Bisnis.com, JAKARTA — Kamis (10/11/2016) malam, para kecoa memenuhi panggung sandiwara Graha Bhakti Budaya, Taman Ismail Marzuki, Jakarta dan menguak pahitnya perjuangan kaum minoritas yang hidup menderita, berhimpit-himpit dalam lorong gelap di balik kemegahan gedung tinggi, mencari keadilan dari para pemimpin.
Pagelaran persembahan Teater Koma ke-146 kembali melakoni kisah “Opera Kecoa”, yang pertama kali ditampilkan pada 1985. Pementasan potret masa lalu untuk masa kini ini diselengarakan mulai 10-20 November 2016. Setelah 31 tahun, ternyata lakon ini masih bisa menjadi potret keadaan masa kini. Cerita tersebut diangkat kembali untuk memberitahu kepada masyarakat Indonesia agar dapat mengambil pesan moral yang berusaha disampaikan dalam lakon ini.
Penulis naskah dan sutradara Teater Koma Nano Riantiarno sebelumnya mengungkapkan pertunjukan ini sarat akan makna dan dikemas dalam bentuk nyanyian dan gerak khas Teater Koma.
Opera Kecoa berkisah tentang orang-orang kecil yang menghadapi kenyataan keras. Perjuangan seorang bandit kelas teri, Roima, yang sedang berada di persimpangan jalan. Dia tertarik kepada Tuminah, seorang pekerja seks komersial, meski sudah punya pacar, Julini si waria. Ketiga orang ini dan tokoh-tokoh lainnya melakoni perjuangan hidup yang hanya punya dua resiko jadi ada atau tersingkir.

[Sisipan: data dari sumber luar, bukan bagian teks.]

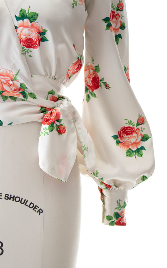 1970s does 1940s Rose Satin Cropped Wrap Top | x-small/small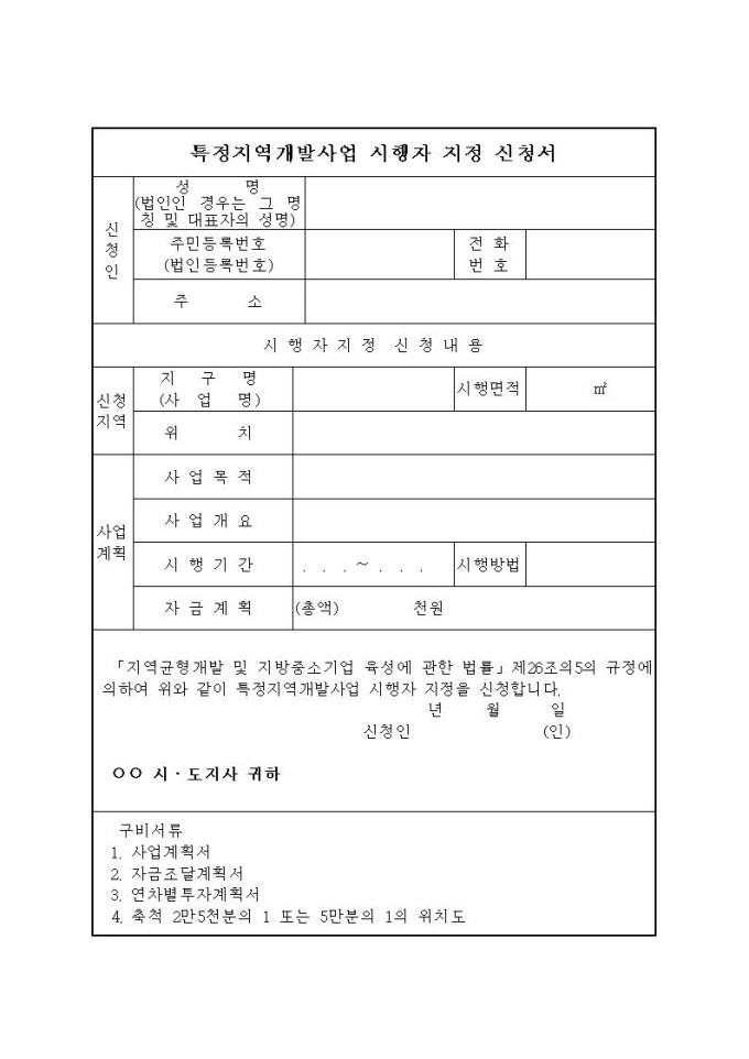 특정지역개발사업 시행자 지정신청서

Dalam cerita terlihat para kecoa itu jarang dihinggapi nasib baik. Tempat mereka seperti sudah digariskan: gorong-gorong, di dalam got, di kolong jembatan, di kawasan kumuh yang jorok, yang gelap dan berbau busuk. Uniknya, ketika ada kawasan tempat tinggal orang-orang kecil dimakan api, selalu timbul dua pertanyaan, terbakar? atau dibakar? tak ada yang bisa menjawab. Semua gelap. Seperti masa depan mereka.
Lakon yang memukau pun tidak terelakkan, khususnya pemeran Julini yang memecah suasana semakin membaur di malam hari. Begitu juga lako seksi Tuminah pun benar-benar memperlihatkan kepribadian cabo. Seluruh pemain pun membuktikan konsistensi mereka dengan hasil yang tentu bisa menginspirasi para seniman muda Indonesia untuk senantiasa berkarya dan berkreasi.
Perlu diketahui, pada 1990, lakon ini dilarang pentas di Gedung Kesenian Jakarta dan tidak diberi izin pentas keliling ke Jepang. Kemudian pada 1992, dipentaskan dengan judul “Cockroach Opera” oleh Belvoir Theatre di Sydney, Australia. Akhirnya, lakon ini dipentaskan lagi di Gedung Kesenian Jakarta pada 2003, 13 tahun setelah pelarangan. Kini, Teater Koma memanggungkan lagi lakon ini di tempat lakon ini pertama kali dipentaskan.
Opera Kecoak, produksi ke-146 Teater Koma yang akan digelar 11 hari mulai 10-20 November 2016 pukul 19.30 WIB, kecuali Minggu pukul 13.30. Tiket bisa diperoleh di www.teaterkoma.org dan www.blibli.com dengan harga Rp100.000 - Rp300.000 (weekday) dan Rp150.000 - Rp400.000 (weekend). Khusus untuk Senin akan ada nonton hemat hingga 20%.